> **What to do**: Here the job is to retype the data word for word while leaving the pictures aside.
<<<<
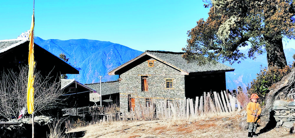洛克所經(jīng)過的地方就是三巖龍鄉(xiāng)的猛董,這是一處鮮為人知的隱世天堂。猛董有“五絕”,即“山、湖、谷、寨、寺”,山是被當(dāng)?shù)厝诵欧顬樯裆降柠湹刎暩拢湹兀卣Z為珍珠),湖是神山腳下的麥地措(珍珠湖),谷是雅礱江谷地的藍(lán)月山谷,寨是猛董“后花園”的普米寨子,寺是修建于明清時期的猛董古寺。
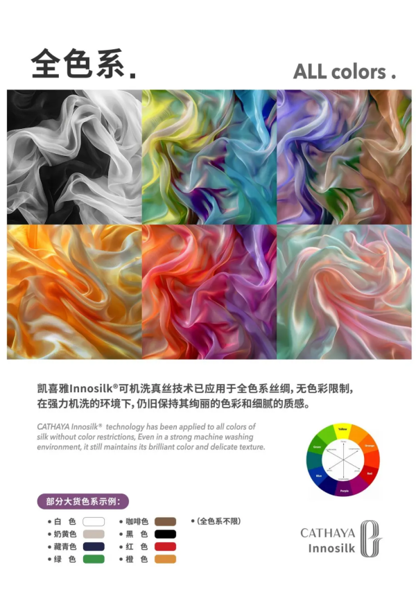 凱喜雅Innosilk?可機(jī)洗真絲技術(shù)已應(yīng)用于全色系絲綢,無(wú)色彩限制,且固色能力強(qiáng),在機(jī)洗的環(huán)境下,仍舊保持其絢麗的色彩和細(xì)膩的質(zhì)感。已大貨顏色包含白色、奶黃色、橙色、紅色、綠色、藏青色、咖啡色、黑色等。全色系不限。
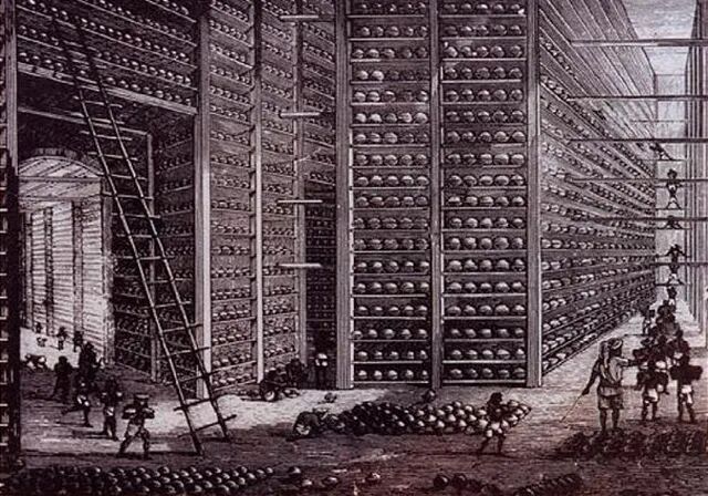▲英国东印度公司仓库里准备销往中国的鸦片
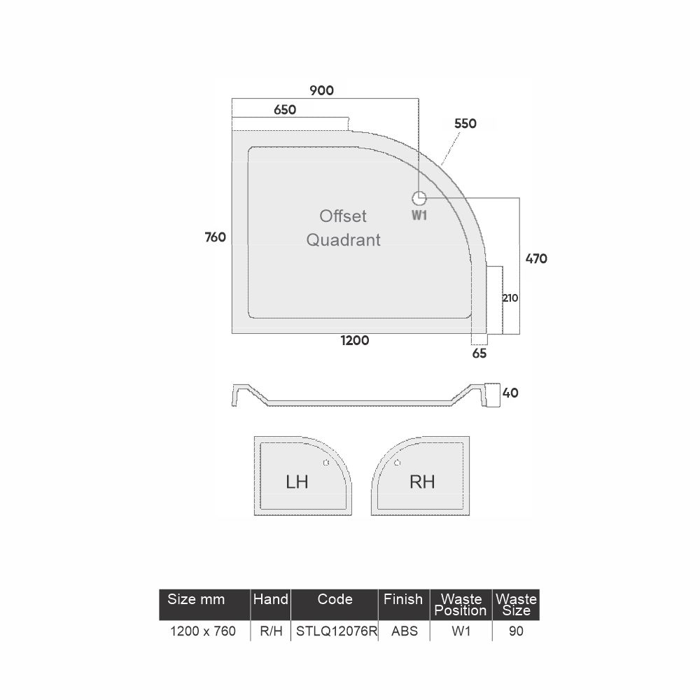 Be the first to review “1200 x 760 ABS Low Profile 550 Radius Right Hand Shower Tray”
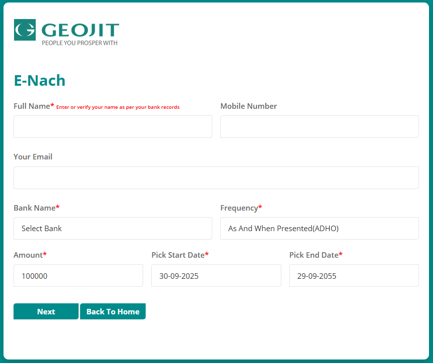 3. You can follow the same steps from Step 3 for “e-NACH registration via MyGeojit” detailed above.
>>>>
> **Result of this task**:
洛克所經(jīng)過的地方就是三巖龍鄉(xiāng)的猛董,這是一處鮮為人知的隱世天堂。猛董有“五絕”,即“山、湖、谷、寨、寺”,山是被當(dāng)?shù)厝诵欧顬樯裆降柠湹刎暩拢湹兀卣Z為珍珠),湖是神山腳下的麥地措(珍珠湖),谷是雅礱江谷地的藍(lán)月山谷,寨是猛董“后花園”的普米寨子,寺是修建于明清時期的猛董古寺。
 凱喜雅Innosilk?可機(jī)洗真絲技術(shù)已應(yīng)用于全色系絲綢,無(wú)色彩限制,且固色能力強(qiáng),在機(jī)洗的環(huán)境下,仍舊保持其絢麗的色彩和細(xì)膩的質(zhì)感。已大貨顏色包含白色、奶黃色、橙色、紅色、綠色、藏青色、咖啡色、黑色等。全色系不限。
▲英国东印度公司仓库里准备销往中国的鸦片
 Be the first to review “1200 x 760 ABS Low Profile 550 Radius Right Hand Shower Tray”
 3. You can follow the same steps from Step 3 for “e-NACH registration via MyGeojit” detailed above.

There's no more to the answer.